**What you have to do:**
Entries below include pictures. Output exactly the lines from the one with "Canvas Wall Art" down to the one with "Camiseta con diseño", both ends included, and leave the pictures out.

**Material supplied:**
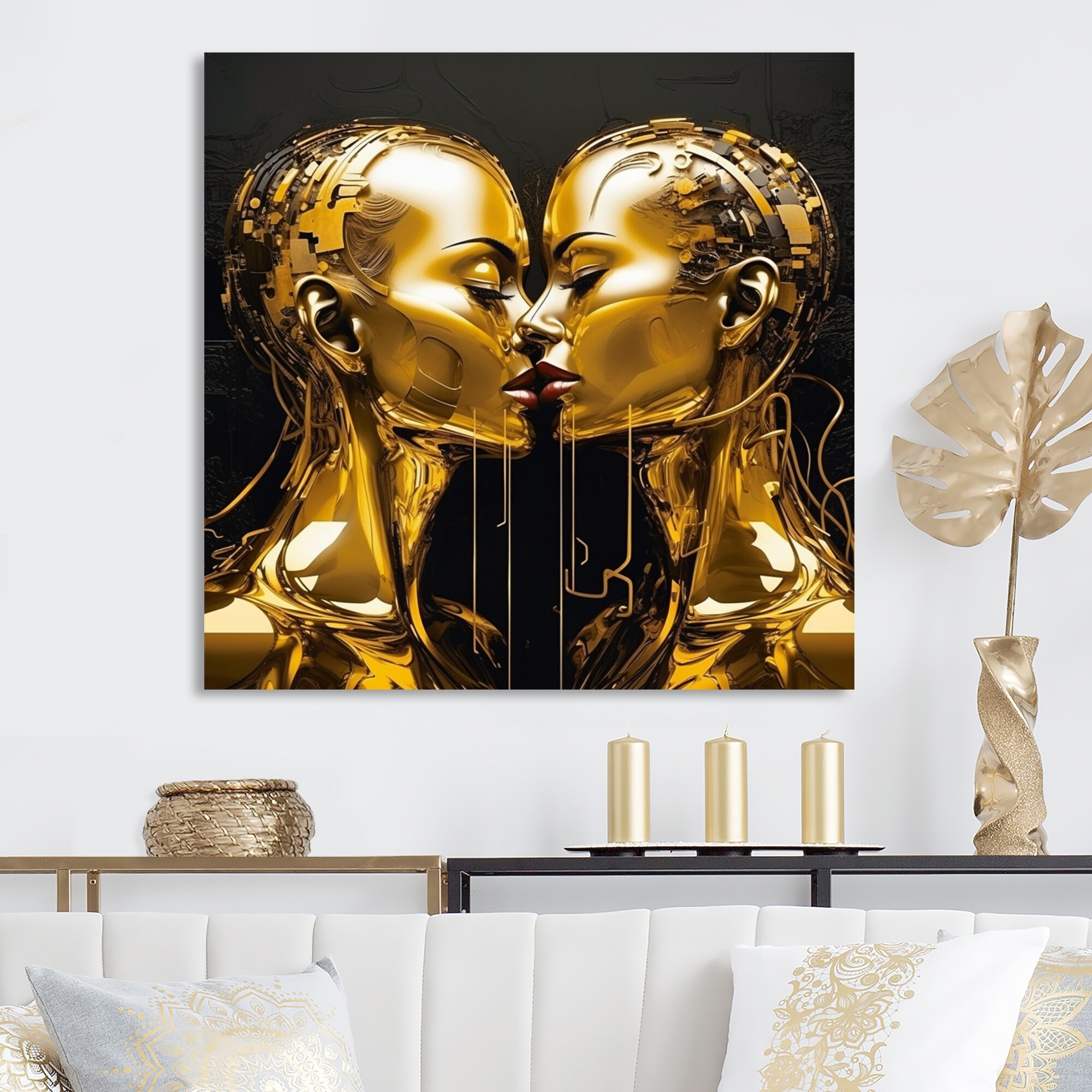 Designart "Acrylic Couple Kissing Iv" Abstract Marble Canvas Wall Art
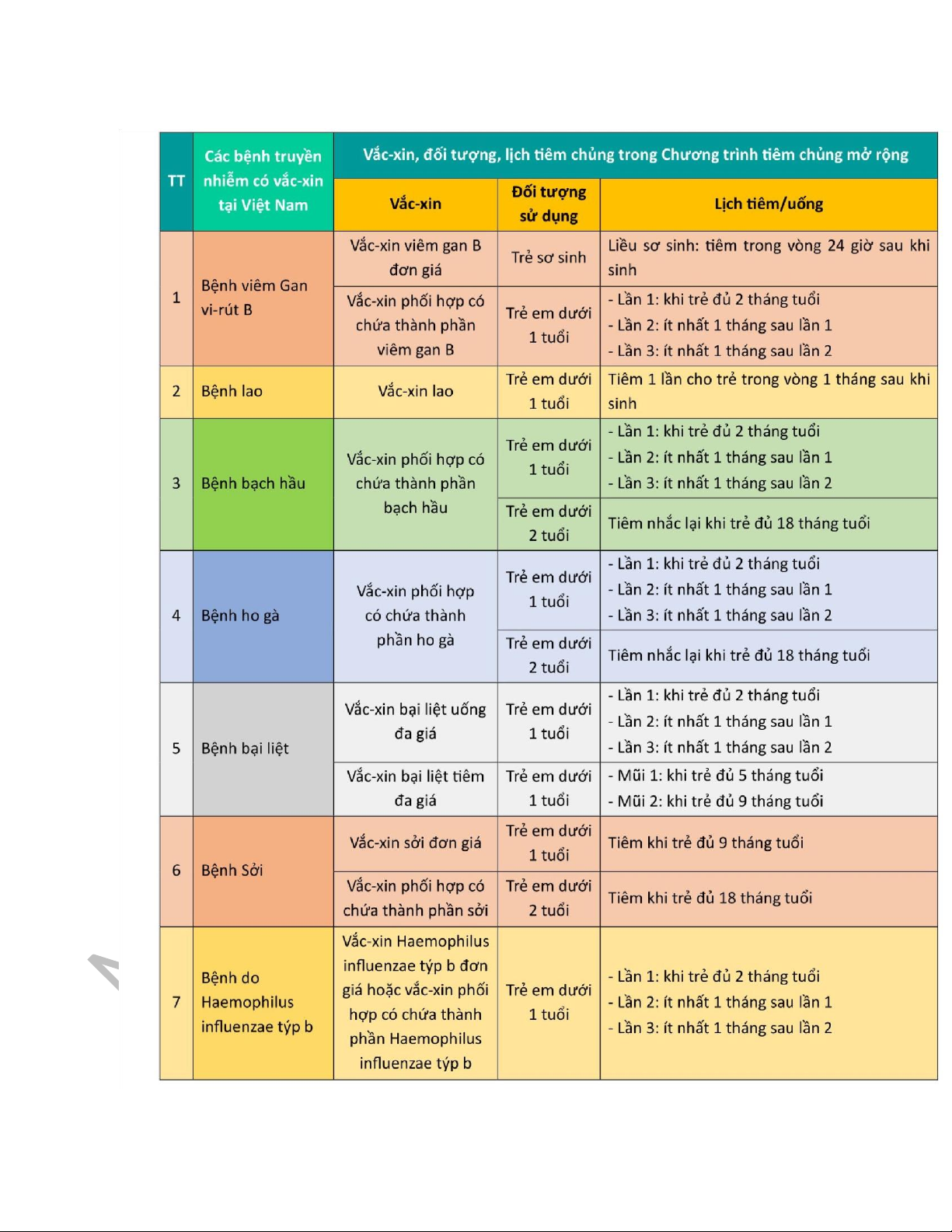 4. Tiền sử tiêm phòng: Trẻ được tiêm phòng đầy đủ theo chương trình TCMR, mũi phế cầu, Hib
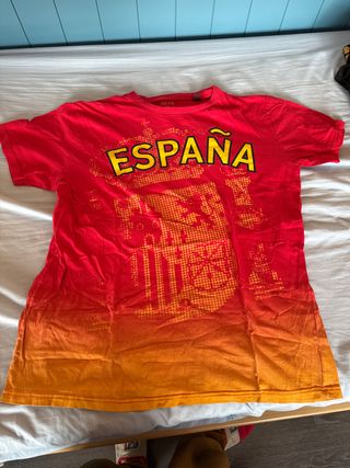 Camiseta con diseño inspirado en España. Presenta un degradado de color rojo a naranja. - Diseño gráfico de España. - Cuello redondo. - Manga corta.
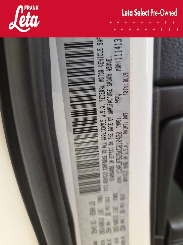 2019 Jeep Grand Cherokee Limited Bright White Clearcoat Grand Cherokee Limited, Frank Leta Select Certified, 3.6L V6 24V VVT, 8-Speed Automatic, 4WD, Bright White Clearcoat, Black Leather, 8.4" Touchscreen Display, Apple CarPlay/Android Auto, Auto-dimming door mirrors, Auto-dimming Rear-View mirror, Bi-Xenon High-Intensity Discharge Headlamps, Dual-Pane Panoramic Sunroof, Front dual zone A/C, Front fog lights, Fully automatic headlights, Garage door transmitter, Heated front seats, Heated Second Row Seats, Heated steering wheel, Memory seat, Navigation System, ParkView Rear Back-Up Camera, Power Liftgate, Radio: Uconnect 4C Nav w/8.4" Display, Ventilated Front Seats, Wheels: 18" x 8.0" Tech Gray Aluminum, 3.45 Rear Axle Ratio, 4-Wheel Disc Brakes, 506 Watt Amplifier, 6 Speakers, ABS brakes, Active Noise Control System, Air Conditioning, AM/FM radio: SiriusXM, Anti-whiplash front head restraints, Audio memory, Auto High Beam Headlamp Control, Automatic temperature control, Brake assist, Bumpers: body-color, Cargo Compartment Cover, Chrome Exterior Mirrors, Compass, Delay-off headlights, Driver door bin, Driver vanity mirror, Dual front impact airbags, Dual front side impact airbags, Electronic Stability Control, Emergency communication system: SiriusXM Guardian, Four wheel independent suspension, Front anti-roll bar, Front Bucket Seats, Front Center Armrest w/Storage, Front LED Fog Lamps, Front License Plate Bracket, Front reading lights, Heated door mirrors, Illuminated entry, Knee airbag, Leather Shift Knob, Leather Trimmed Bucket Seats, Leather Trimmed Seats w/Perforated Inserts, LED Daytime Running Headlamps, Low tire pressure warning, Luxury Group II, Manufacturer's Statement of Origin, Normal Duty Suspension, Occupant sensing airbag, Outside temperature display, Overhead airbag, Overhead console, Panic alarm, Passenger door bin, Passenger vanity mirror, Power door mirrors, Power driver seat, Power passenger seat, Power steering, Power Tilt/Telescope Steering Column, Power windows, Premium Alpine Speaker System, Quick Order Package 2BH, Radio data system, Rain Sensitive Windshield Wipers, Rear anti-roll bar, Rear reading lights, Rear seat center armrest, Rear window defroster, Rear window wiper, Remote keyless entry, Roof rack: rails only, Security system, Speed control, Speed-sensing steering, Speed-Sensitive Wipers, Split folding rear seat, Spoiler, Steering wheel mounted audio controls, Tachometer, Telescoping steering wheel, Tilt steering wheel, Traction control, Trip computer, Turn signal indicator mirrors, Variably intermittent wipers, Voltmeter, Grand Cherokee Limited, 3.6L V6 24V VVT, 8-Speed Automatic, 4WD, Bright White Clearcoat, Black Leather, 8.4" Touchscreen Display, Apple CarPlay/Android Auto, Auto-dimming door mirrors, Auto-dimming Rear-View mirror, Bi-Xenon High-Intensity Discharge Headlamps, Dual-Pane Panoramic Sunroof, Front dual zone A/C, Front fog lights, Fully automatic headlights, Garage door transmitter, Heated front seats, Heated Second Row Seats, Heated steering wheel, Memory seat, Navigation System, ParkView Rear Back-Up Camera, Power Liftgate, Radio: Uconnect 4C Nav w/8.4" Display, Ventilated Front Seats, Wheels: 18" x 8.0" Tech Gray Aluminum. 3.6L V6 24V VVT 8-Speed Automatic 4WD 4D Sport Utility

* * *

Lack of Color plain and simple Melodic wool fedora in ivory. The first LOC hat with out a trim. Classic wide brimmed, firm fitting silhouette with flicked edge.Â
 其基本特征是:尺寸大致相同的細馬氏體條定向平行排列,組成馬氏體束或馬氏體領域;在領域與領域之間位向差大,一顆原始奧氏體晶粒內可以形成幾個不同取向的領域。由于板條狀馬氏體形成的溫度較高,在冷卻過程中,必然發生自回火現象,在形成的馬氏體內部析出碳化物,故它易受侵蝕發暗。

* * *

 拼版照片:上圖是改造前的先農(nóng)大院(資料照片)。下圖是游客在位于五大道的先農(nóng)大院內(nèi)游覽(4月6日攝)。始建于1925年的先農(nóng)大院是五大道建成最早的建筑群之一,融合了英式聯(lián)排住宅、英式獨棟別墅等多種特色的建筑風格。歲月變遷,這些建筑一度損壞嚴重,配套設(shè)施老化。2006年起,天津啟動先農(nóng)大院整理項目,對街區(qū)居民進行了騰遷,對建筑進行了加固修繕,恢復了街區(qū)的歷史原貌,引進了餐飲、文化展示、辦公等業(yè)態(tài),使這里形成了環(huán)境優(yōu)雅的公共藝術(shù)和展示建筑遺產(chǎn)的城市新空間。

**Task answer:**
 Designart "Acrylic Couple Kissing Iv" Abstract Marble Canvas Wall Art
 4. Tiền sử tiêm phòng: Trẻ được tiêm phòng đầy đủ theo chương trình TCMR, mũi phế cầu, Hib
 Camiseta con diseño inspirado en España. Presenta un degradado de color rojo a naranja. - Diseño gráfico de España. - Cuello redondo. - Manga corta.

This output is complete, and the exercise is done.